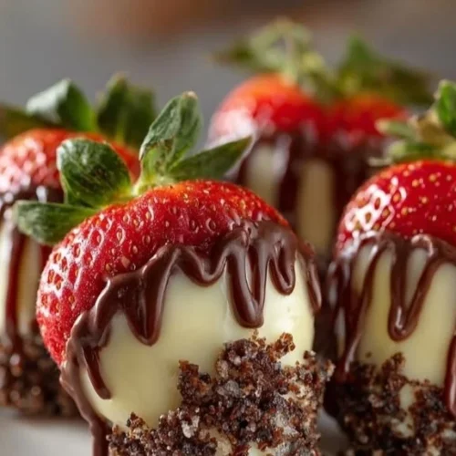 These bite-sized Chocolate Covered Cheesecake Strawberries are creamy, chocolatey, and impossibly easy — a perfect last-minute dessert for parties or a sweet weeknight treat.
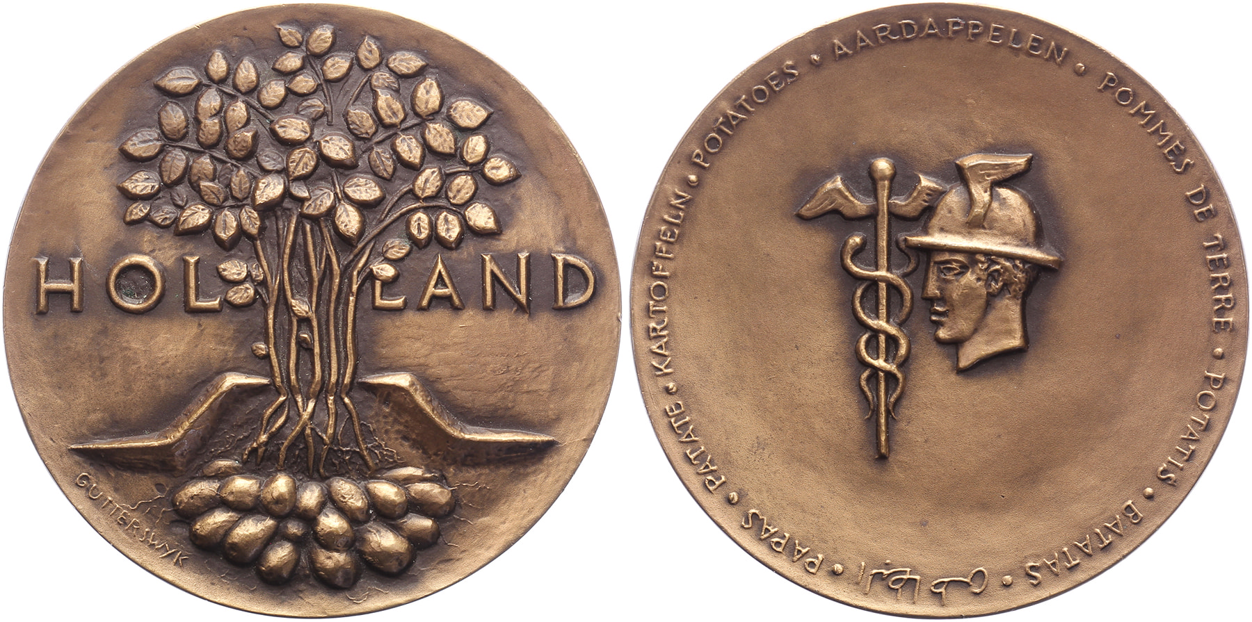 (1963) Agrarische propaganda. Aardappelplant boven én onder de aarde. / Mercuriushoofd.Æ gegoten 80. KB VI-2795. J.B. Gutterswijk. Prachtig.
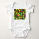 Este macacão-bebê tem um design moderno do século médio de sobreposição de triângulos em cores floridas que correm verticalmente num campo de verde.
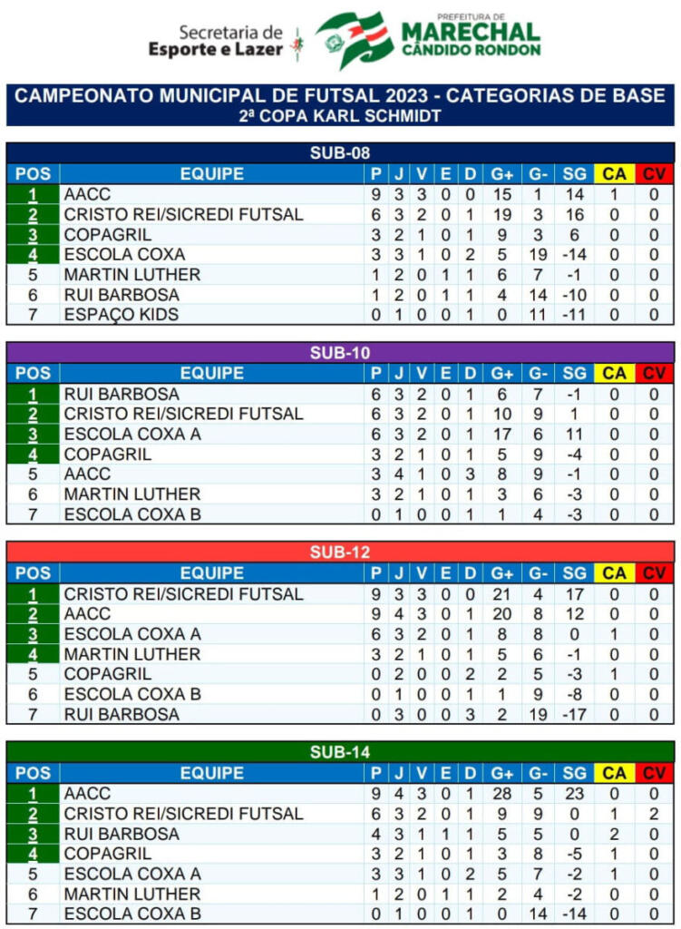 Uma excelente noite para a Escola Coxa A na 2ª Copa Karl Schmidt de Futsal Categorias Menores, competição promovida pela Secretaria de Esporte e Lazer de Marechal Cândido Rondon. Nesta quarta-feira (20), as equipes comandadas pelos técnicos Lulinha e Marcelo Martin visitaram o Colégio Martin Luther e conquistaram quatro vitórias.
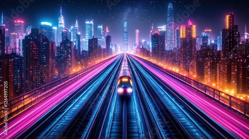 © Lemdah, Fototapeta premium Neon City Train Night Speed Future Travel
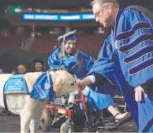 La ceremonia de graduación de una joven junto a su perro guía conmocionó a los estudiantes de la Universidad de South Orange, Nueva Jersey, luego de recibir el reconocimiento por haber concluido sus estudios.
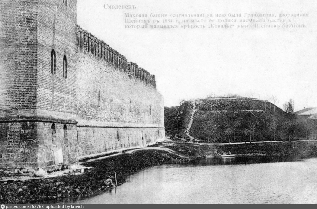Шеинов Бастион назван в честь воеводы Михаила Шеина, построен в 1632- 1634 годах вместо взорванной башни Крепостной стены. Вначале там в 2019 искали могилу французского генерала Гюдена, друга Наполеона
§
**Exercise details**
Your task is to reproduce exactly the lines from the start of the data above through the line containing "Este macacão-bebê tem", leaving every picture out.

**The completed task**
 These bite-sized Chocolate Covered Cheesecake Strawberries are creamy, chocolatey, and impossibly easy — a perfect last-minute dessert for parties or a sweet weeknight treat.
 (1963) Agrarische propaganda. Aardappelplant boven én onder de aarde. / Mercuriushoofd.Æ gegoten 80. KB VI-2795. J.B. Gutterswijk. Prachtig.
 Este macacão-bebê tem um design moderno do século médio de sobreposição de triângulos em cores floridas que correm verticalmente num campo de verde.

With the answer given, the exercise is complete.